While hospitals have curbed overuse of antibiotics, it is clinicians in the community who write the majority of prescriptions, often for children with common ailments, according to Gerber. So the best way to attack the problem is to intervene in those outpatient settings, he said.

Monitoring antibiotic use is important because it helps ensure that kids get the right drug to treat their infections appropriately at the right time, said Gerber. It is also a safeguard against giving them drugs they don’t need, which could lead to negative adverse effects and contribute to drug resistance and the creation of untreatable organisms.

When the study began, the first records review of practices revealed that some prescribed as they should but others prescribed a lot of broad-spectrum antibiotics for some conditions that called for a narrow spectrum. “Establishing that, we wanted to figure out how we could improve this prescribing,” said Gerber.

The study randomly divided the 18 practices that tended to prescribe broad-spectrum antibiotics into two groups, intervention and control, based on practice location and patient volume, and tracked prescriptions through electronic records. The intervention sites were given an hour-long refresher on the latest prescribing guidelines and were monitored quarterly and given feedback based on guidelines for prescribing antibiotics for sinusitis, Group A strep throat, and pneumonia. The control group was told only that the study had begun.

Researchers excluded from the review children with chronic medical conditions, antibiotic allergies and those who had taken antibiotics in the previous three months. They compared prescribing rates of antibiotics between intervention and control sites before and after the intervention. Among the 18 practices that participated in the study, there were 1,435,605 office visits by 185,212 patients to 174 clinicians during the study period.

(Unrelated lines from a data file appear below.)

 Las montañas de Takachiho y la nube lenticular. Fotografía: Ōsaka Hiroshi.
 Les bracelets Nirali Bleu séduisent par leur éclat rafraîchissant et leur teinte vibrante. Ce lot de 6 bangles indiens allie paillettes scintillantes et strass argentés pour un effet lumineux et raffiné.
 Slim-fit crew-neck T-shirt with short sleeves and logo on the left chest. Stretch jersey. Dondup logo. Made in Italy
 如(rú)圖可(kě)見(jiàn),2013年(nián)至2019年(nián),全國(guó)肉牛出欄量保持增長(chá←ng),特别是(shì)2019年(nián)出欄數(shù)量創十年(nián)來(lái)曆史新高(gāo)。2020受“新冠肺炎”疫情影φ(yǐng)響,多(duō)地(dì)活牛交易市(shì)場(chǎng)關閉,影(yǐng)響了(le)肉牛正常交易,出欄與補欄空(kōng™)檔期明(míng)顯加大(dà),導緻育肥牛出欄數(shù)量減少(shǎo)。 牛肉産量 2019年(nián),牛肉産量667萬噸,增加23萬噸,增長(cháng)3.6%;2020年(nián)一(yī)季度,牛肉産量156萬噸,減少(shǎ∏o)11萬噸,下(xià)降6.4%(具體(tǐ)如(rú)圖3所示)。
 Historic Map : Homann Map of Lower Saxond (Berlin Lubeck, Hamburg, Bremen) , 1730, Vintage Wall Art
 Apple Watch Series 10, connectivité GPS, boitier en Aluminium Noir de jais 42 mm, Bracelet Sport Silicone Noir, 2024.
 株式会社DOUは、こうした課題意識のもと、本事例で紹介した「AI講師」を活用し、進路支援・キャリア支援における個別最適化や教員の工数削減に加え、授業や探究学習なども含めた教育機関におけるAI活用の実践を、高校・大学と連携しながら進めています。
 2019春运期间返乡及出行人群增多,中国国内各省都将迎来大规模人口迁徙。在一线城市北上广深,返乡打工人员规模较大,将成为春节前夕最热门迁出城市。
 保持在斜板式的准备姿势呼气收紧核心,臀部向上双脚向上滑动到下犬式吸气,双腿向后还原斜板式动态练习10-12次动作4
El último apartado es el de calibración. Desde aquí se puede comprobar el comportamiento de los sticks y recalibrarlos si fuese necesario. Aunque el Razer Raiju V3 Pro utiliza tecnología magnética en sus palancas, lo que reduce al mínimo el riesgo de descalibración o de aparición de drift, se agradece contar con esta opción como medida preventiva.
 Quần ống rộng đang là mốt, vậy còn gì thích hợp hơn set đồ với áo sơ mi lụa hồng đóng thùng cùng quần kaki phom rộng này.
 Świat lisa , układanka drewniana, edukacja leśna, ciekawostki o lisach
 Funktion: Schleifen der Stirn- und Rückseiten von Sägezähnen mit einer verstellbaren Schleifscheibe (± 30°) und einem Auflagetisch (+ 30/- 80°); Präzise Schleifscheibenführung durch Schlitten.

Early on, data indicated that 28% of all children were inappropriately prescribed a broad-spectrum antibiotic for a targeted condition. However, 12 months after the intervention the rate of off-guideline antibiotic prescribing had a statistically significant decrease, dropping from 32% to 17%. The control group dropped from 33% to 24%, Gerber said.The sharpest drop was in antibiotics inappropriately prescribed for pneumonia, which dropped from 16% to 4%.

Gerber said many doctors go about their work without ever knowing what percentages of any given medication they prescribe. He said this study, which he believes can be scaled to other populations, shows that electronic health records can be used in a relatively simple way to track and improve prescribing.The next step will be to test the study’s staying power to see if the practices continue to stick closer to guidelines or return to past habits, said Gerber.